LISTED ENTRIES: Begin

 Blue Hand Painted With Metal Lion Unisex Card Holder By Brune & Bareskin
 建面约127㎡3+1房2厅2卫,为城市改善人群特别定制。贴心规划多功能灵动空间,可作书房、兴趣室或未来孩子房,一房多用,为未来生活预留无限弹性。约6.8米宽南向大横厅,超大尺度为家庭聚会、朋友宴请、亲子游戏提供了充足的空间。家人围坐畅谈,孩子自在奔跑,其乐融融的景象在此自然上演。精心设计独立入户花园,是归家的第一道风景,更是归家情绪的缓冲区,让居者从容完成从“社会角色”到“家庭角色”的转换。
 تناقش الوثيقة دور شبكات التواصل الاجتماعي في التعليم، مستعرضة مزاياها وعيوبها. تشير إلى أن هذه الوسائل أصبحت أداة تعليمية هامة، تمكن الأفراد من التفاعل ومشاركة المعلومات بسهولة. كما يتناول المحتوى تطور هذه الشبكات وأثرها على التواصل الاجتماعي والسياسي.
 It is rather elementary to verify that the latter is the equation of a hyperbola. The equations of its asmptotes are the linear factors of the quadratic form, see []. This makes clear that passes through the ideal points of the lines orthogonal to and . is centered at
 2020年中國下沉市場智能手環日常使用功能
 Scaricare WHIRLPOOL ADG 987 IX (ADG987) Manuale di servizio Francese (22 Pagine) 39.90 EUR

LISTED ENTRIES: End
LISTED ENTRIES: Begin

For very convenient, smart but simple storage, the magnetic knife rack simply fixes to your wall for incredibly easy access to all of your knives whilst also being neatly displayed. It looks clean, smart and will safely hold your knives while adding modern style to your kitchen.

LISTED ENTRIES: End

PROBLEM DESCRIPTION: The line above containing "Blue Hand Painted", the line containing "Scaricare WHIRLPOOL ADG", and every line between them are to be transcribed exactly; no other line is wanted.

REPLY TO THE EXERCISE:
 Blue Hand Painted With Metal Lion Unisex Card Holder By Brune & Bareskin
 建面约127㎡3+1房2厅2卫,为城市改善人群特别定制。贴心规划多功能灵动空间,可作书房、兴趣室或未来孩子房,一房多用,为未来生活预留无限弹性。约6.8米宽南向大横厅,超大尺度为家庭聚会、朋友宴请、亲子游戏提供了充足的空间。家人围坐畅谈,孩子自在奔跑,其乐融融的景象在此自然上演。精心设计独立入户花园,是归家的第一道风景,更是归家情绪的缓冲区,让居者从容完成从“社会角色”到“家庭角色”的转换。
 تناقش الوثيقة دور شبكات التواصل الاجتماعي في التعليم، مستعرضة مزاياها وعيوبها. تشير إلى أن هذه الوسائل أصبحت أداة تعليمية هامة، تمكن الأفراد من التفاعل ومشاركة المعلومات بسهولة. كما يتناول المحتوى تطور هذه الشبكات وأثرها على التواصل الاجتماعي والسياسي.
 It is rather elementary to verify that the latter is the equation of a hyperbola. The equations of its asmptotes are the linear factors of the quadratic form, see []. This makes clear that passes through the ideal points of the lines orthogonal to and . is centered at
 2020年中國下沉市場智能手環日常使用功能
 Scaricare WHIRLPOOL ADG 987 IX (ADG987) Manuale di servizio Francese (22 Pagine) 39.90 EUR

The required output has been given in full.